The winning canopy design submitted by British architect Norman Foster in a 2001 competition for the West Kowloon arts and cultural hub was among 12 designs disqualified for technical reasons.
According to people familiar with the selection process, jury chairman Lord Rothschild had said he wanted to include all disqualified entries in the shortlisting preview.
The claim was supported by confidential documents on the troubled contest disclosed by the government last Friday under lawmakers' pressure, as the contest is now at the centre of a conflict-of-interest row involving chief executive candidate Leung Chun-ying.
Legco today will debate whether to invoke the Powers and Privileges Ordinance to force a full disclosure of the West Kowloon documents to find out more about how Foster's design won, as well as Leung's conflict of interest issue.

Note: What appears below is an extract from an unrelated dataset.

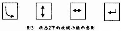 在狀態(tài)1及狀態(tài)3下,按鍵的功能比較容易理解,這里來對狀態(tài)2下的按鍵功能進行說明,圖3所示依次為1、2、3、4鍵。其中按鍵1可進入設(shè)定狀態(tài),上面一行顯示參數(shù)的值,下面一行顯示當前是第幾個參數(shù);按鍵2用于對當前閃爍數(shù)據(jù)位進行加1操作,可依次從0增加到9,當增加到10時,又自動變?yōu)?;按鍵3用于改變設(shè)定的位,每按下一次,閃爍數(shù)據(jù)位向后移動一位,當移動到第四位再按下此鍵時,閃爍位變?yōu)榈谝晃唬话存I4用于確認參數(shù)的設(shè)定和保存。

Professor Chang Hsin-kang, former president of City University who served as a fellow juror, said the jury chairman's handling of the selection process had been 'unsettling' to him over the years. He declined to say if Foster's design was initially disqualified. But he said 'there was indeed a disqualified entry that made it to the final round' and that the initial rejection of that scheme was due to its need for reclamation.
'It has never stopped perplexing me as to why the coincidence was so strong,' he said. 'One disqualified by the technical panel ended up getting into the final round,' which had nine finalists.